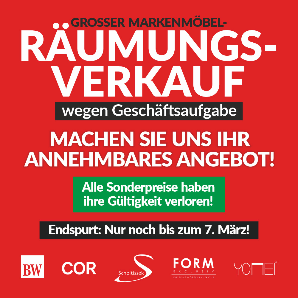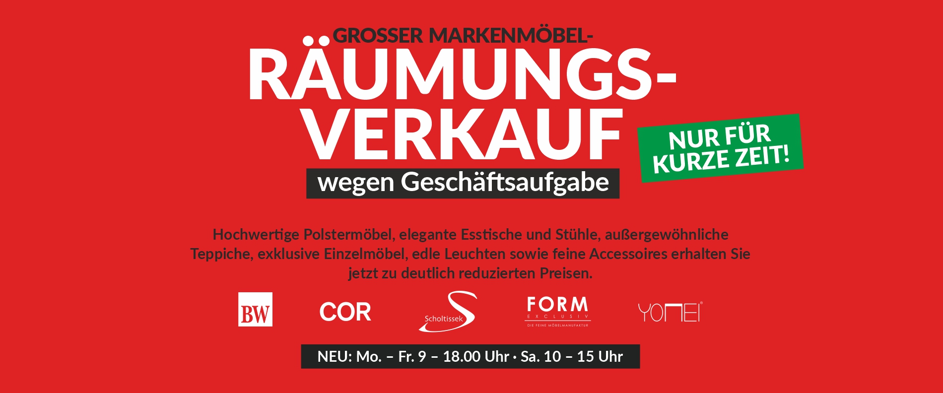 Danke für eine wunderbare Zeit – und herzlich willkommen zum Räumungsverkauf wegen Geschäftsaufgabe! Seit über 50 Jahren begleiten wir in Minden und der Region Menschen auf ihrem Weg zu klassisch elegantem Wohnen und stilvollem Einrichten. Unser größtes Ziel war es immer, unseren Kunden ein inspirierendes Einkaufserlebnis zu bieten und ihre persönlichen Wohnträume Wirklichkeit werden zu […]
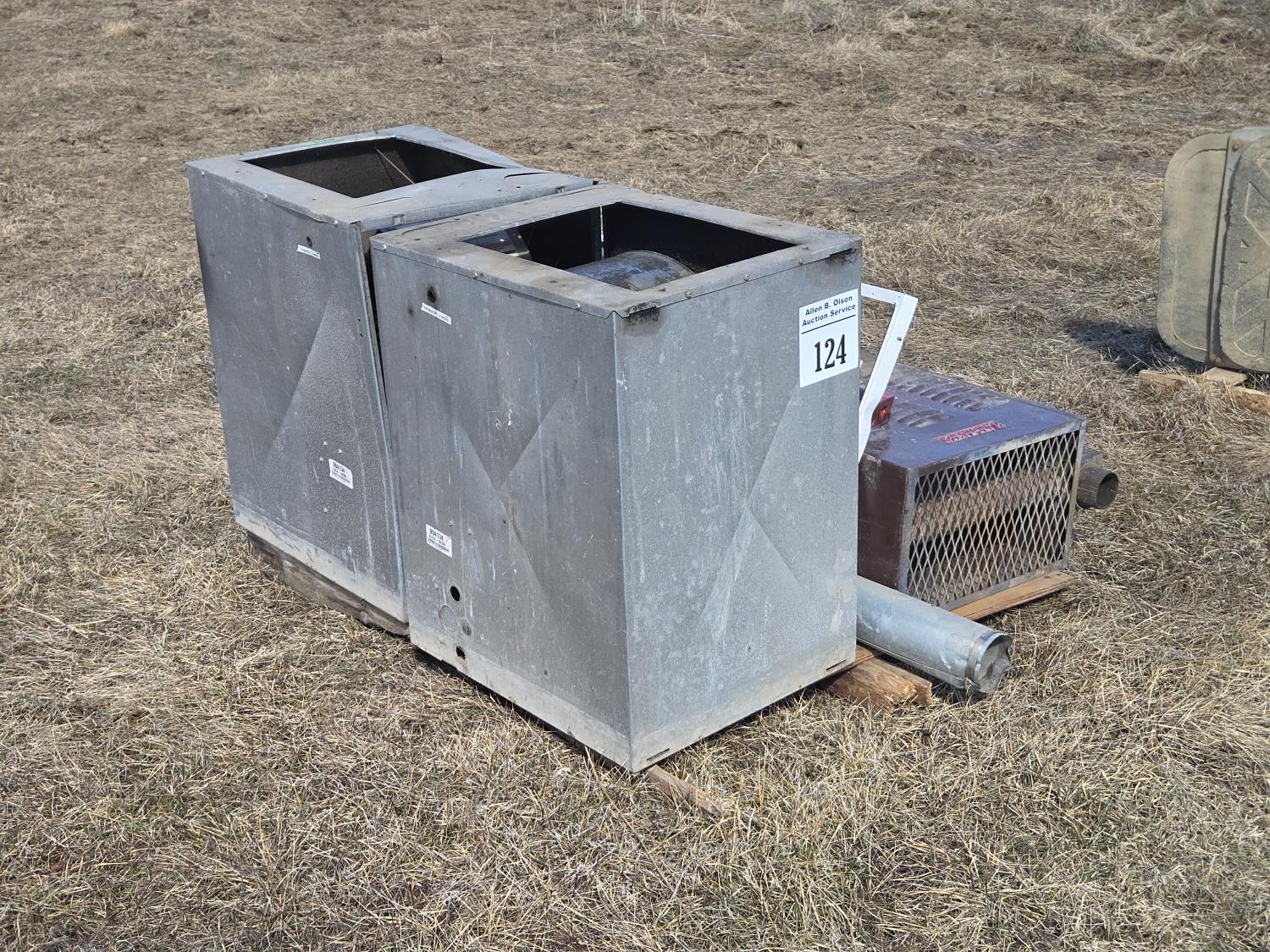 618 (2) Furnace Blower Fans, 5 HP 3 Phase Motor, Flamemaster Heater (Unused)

...

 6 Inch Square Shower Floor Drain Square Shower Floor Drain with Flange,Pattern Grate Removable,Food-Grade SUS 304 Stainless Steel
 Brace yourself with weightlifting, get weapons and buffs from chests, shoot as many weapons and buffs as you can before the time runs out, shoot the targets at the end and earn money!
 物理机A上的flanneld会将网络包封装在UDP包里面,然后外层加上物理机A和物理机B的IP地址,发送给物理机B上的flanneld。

Aim of the exercise> For each line in the entries that holds "with", return that line.

Result for this task>
 6 Inch Square Shower Floor Drain Square Shower Floor Drain with Flange,Pattern Grate Removable,Food-Grade SUS 304 Stainless Steel
 Brace yourself with weightlifting, get weapons and buffs from chests, shoot as many weapons and buffs as you can before the time runs out, shoot the targets at the end and earn money!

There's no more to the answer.